The primary end-point parameter was headache response, defined as a reduction in headache severity from moderate to severe at baseline to mild or no headache at two hours after initiation of infusion of study drug.
A higher proportion of patients showed a headache response at two hours post dose in the 10mg, 20mg, 30mg and 45mg groups compared to placebo (54.2 to 75% vs 45.2%) with a statistically significant linear association between response rates and dose levels (p= 0.0126). The adaptive study design used could identify doses giving a headache response in 50-75% of patients. It did not explore the maximum possible efficacy of the drug.

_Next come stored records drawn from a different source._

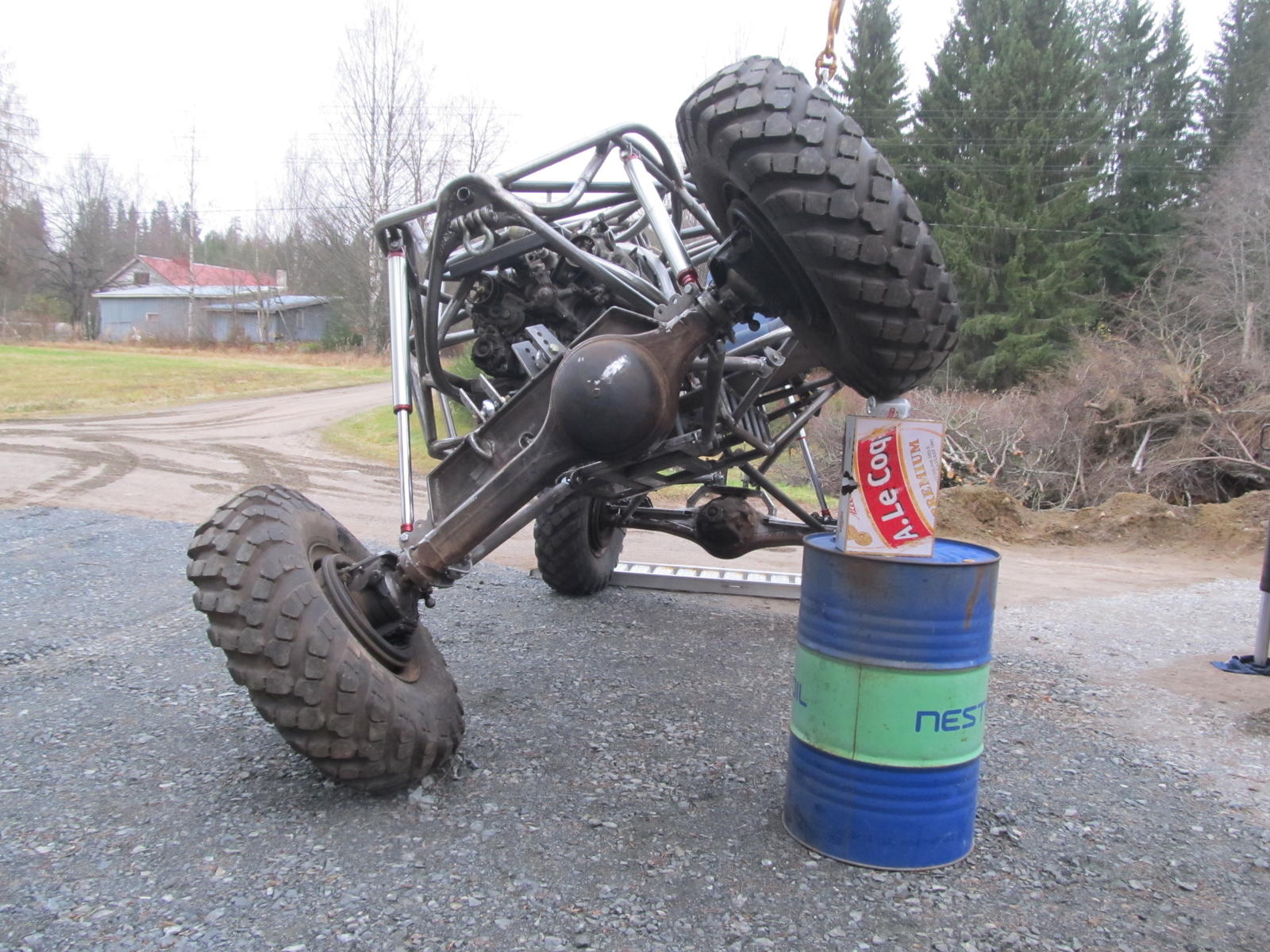 Ei tuu tästä kevyttä peliä.. 3t painaa varmasti ku pelkät akselit näillä renkailla painaa sen 1300kg. Tuskin keveneekää ku laittaa jotkut 130cm traktorin kumit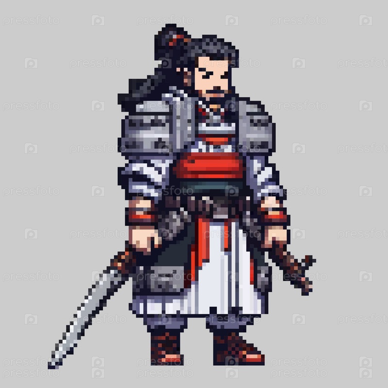 Пиксельный персонаж японского самурая-воина для 8-битной игры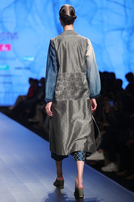 This ombre blue & white tunic that comes with a grey printed long jacket. It is teamed up with printed pant for a perfect ensemble look.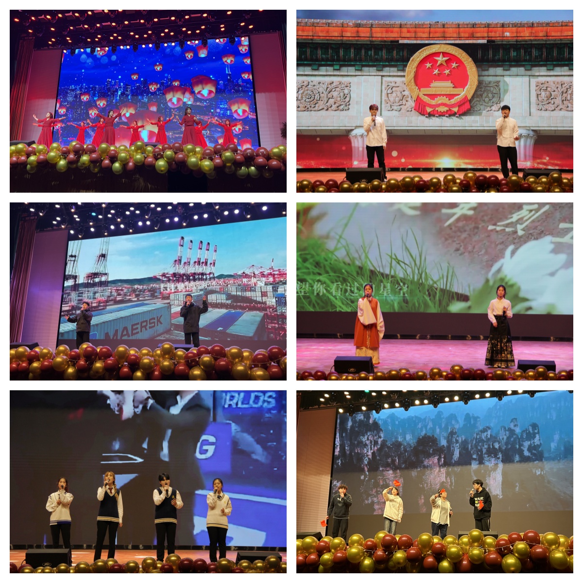 晚会在开场舞《灯火里的中国》中拉开了序幕,伴随着优美的旋律,让大家爱国的情感无限升华。歌曲《强国一代有我在》、《星火青春》、《错位时空》、《我们都是追梦人》、《明天会更好》唱出了生逢盛世的青年学子注定不负盛世,愿以吾辈之青春,传前辈之火炬,昭盛世之中华。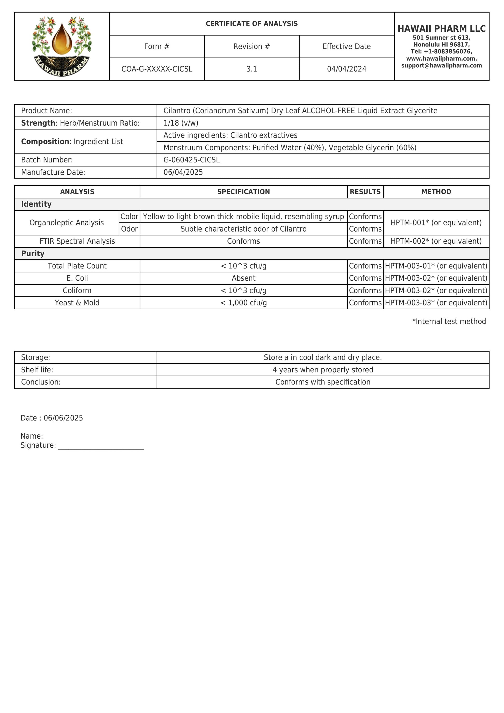 Въз основа на десетилетия опит в ботаниката, Hawaii Pharm определя оптималното съотношение между билката и разтворителя на всеки растителен вид.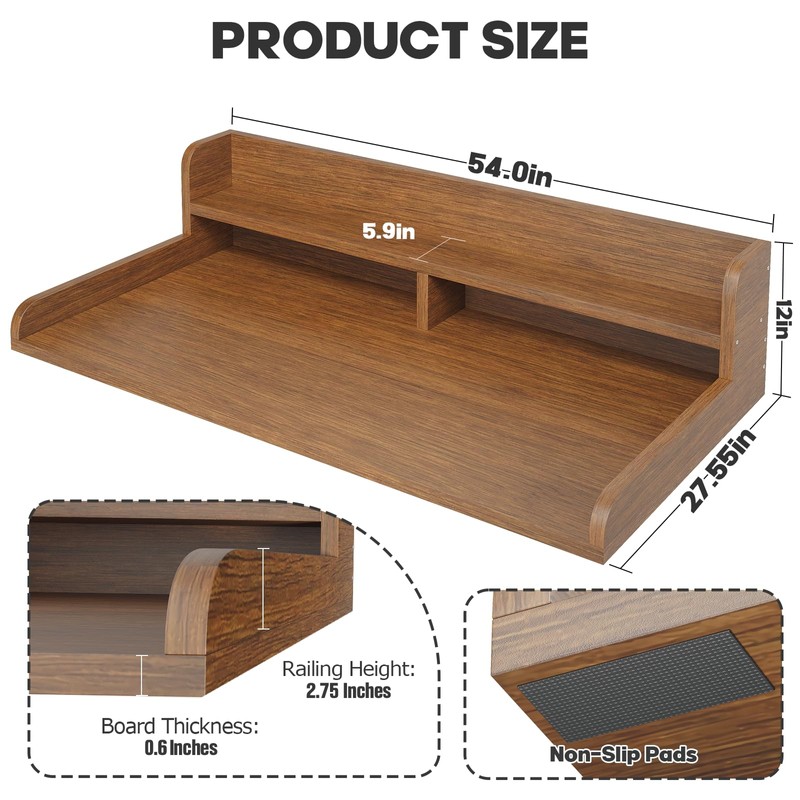 Corbyles 2-Tier Washer Dryer Countertop with 2.75" H Edge Rails, 54" W x 27.55" D Laundry Countertop for Folding Clothes, Washer and Dryer Topper with Non-Slip Pad (Brown)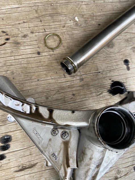 Ei välttämättä tunnistaisi samaksi osaksi. Kyseessä on väliholkki turbolta tulevan joustoputken ja siitä lähtevän teräsputken väliin. Kun irroitin putkea niin vanha putosi maahan, eikä noita kiinnityspultteja enää saanut irti seinämää rikkomatta. Ohueksi on hapertunut tämäkin. Onneksi hinta oli vain 85€. Ehkä tänään saan pakoputken vihdoin asennettua. Jännittää että muuttuuko äänet.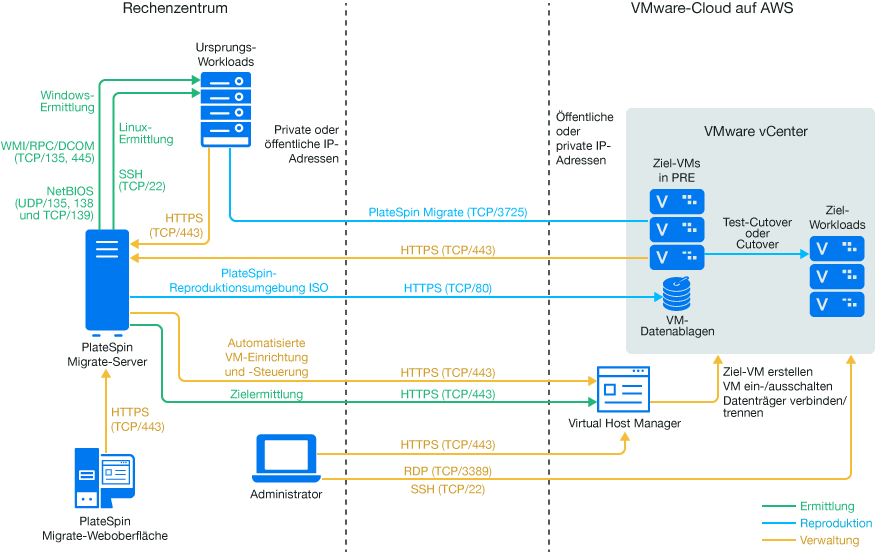 HINWEIS:Abbildung 13-1 zeigt die automatisierte Ermittlung und die Netzwerkanforderungen für Windows- und Linux-Workloads. Alternativ können Sie den Workload mit dem Migrate Agent auf dem Ursprungs-Workload registrieren und seine Inventardetails per HTTPS (TCP/443) an den PlateSpin Migrate-Server senden. Informationen zu Netzwerkanforderungen bei Verwendung von Migrate Agent finden Sie unter Abschnitt 2.6.2, Voraussetzungen für die Workload-Registrierung und Abschnitt 22.7, Registrieren von Workloads und Ermitteln der Details im Migrate Agent.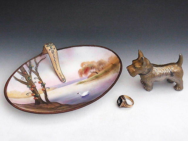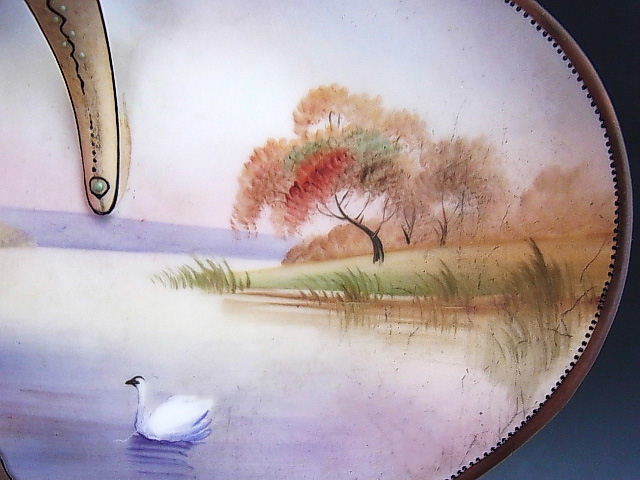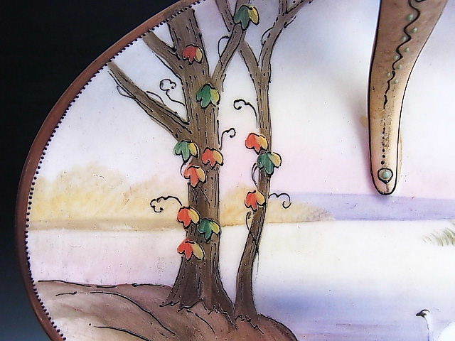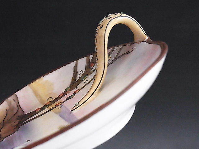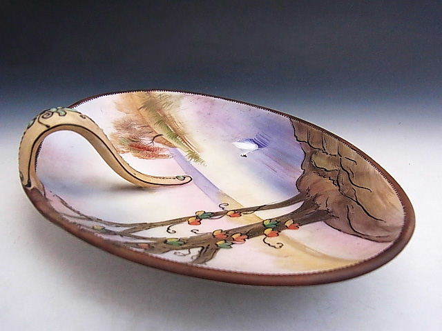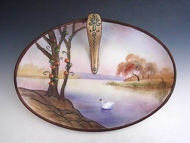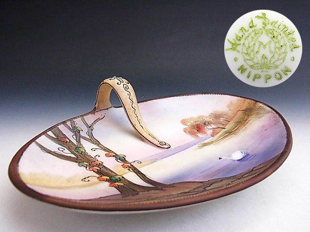 艶消し風景絵 楕円形 ハンドル皿 ◆ オールドノリタケ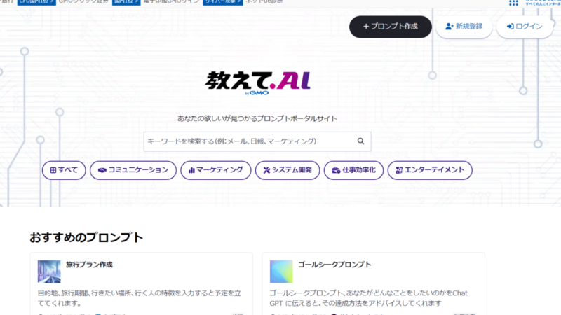 生成AIプロンプトポータルサイトです。GMO教えてAI株式会社が運営しており、文章作成のためのプロンプトに特化した完全無料のポータルサイトです。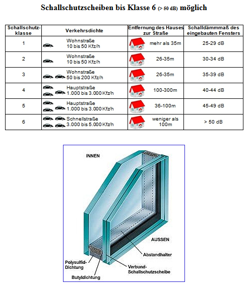 ⯀ Hervorragende Schallschutzwerte (je nach Verglasung sind Schalldämmwerte bis Rw,p 43 dB möglich)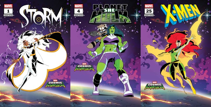 ธีมปก variant เดือนนี้ได้แก่... Hell's Kitchen!! ซึ่งวาดโดยคนวาดเดียวกันหมด แต่ไม่มีตัวอย่างซักภาพ ธีมรองที่น่าจะเป็นของกลุ่มนักวาด Stormbreakers ชื่อ Black Panther เห็นตัวอย่างแค่ภาพเดียว ดังนั้นภาพแปะกระทู้นี้จึงเป็น... Marvel Cosmic Invasion ต่อจากเดือนที่แล้วนั่นแหละ!!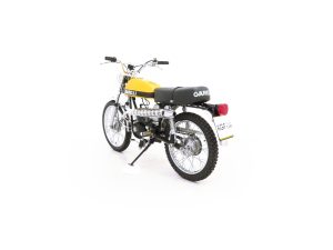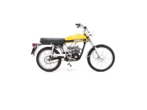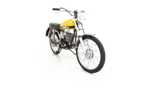 In 1912, Italian engineer Adalberto Garelli designed his own two-stroke engine and achieved national and international success. Garelli sports mopeds were imported into Britain by Agrati Sales (UK) Ltd and the first models were the Rekord and Tiger Cross being one of the fastest at the time reaching speeds of 60mph. The MkII was introduced in 1975 and prominent differences from the MkI included thinner tank side decals, black engine casings, ‘fantail’ engine cooling fins, thinner grips to replace the melon type, slightly altered seat and rear shock absorbers. Pogo front forks from the later MkI’s were carried over to the MkII. Of all the bike manufacturers that formed 1970’s Sports Moped phenomenon, the Garelli’s were up on the podium alongside the Yamaha ‘Fizzy’ FS1-E’s as the archetypal Sixteener specials.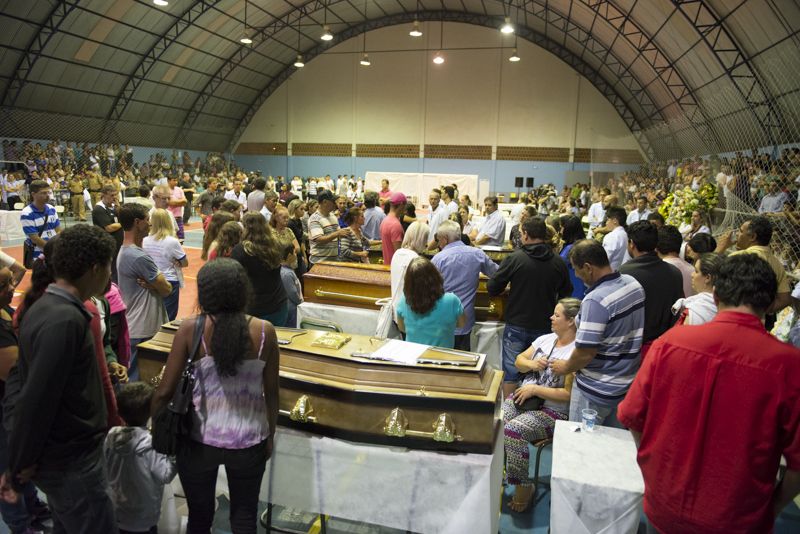 Uma multidão se aglomerou do lado de fora do Ginásio Municipal Benedito José Maria Albino no fim da noite deste domingo (15). São amigos, parentes e conhecidos das vítimas. O clima na cidade é de choque, todos se dizem perdidos e não sabem o que fazer.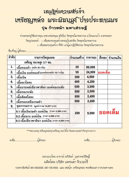 ท่านใดสนใจจองปิดในกระทู้ได้เลย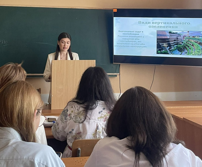 Головйова Катерина представила курсову роботу на тему «Вертикальне озеленення закритих приміщень», де не тільки дослідила екологічні та естетичні аспекти теми, а й підготувала авторський стенд з вертикальним озелененням, який тепер прикрашає приміщення лабораторії ботаніки.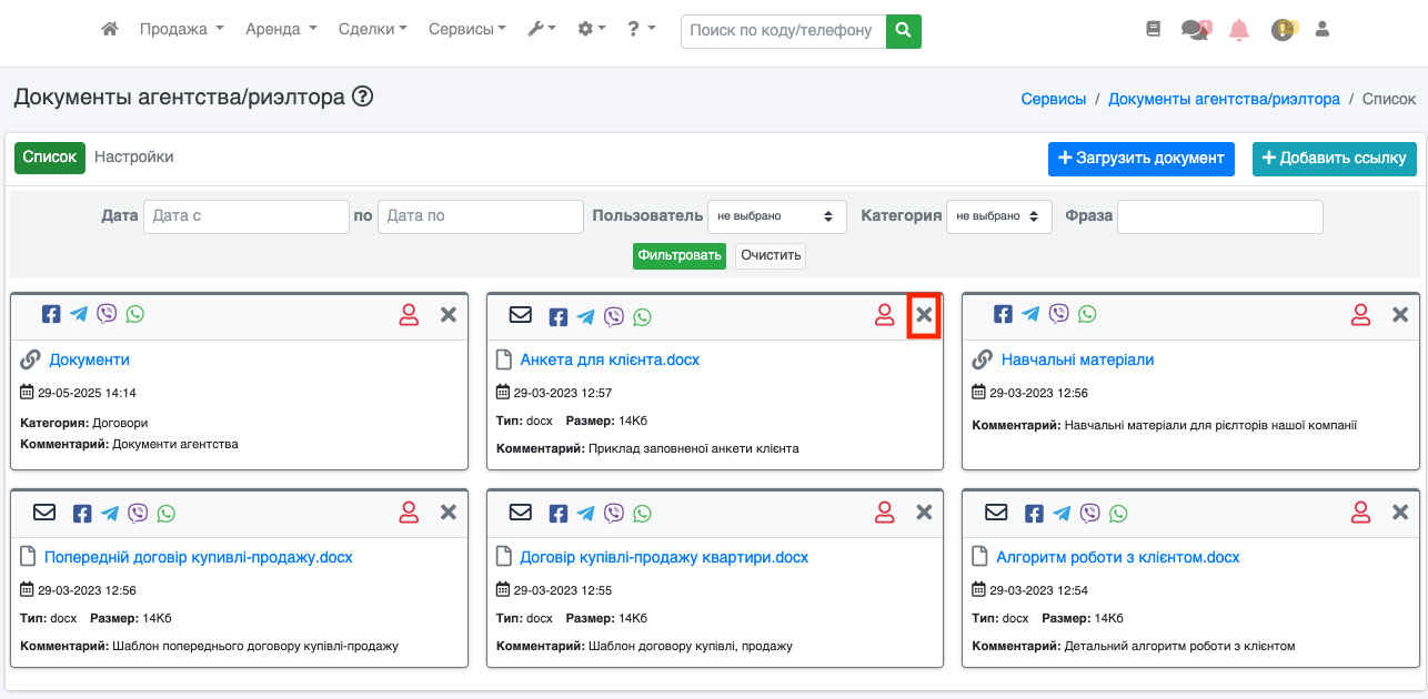 Щоб видалити документ, натисніть на іконку «Хрестик» поруч із потрібним документом (Рис. 298).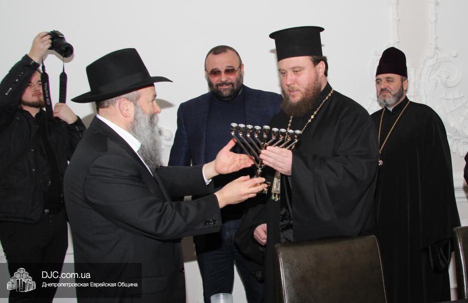 Главный раввин Днепра и региона Шмуэль Каминецкий подарил епископу Симеону серебряную ханукию, как символ распространения духовного света, а новому зданию епархиального управления и резиденции епископа – бирката а-Байт – благословение дома с изображением синагоги «Золотая Роза» и центра «Менора». В свою очередь епископ Симеон подарил раввину коллекционное издание книги о Михайловском златоверхом монастыре – главном символе возрождения украинского православия.

According to the company, COL-144 is a neurally acting anti-migraine agent, which unlike triptans, exhibits anti-migraine activity without causing vasoconstriction. COL-144 is a highly potent and selective 5HT1F receptor agonist.
Alison Pilgrim, chief medical officer of CoLucid, said: “The study indicates that COL-144 may be a treatment option for all patients including those who don’t respond to or are contraindicated for the current standard of care.”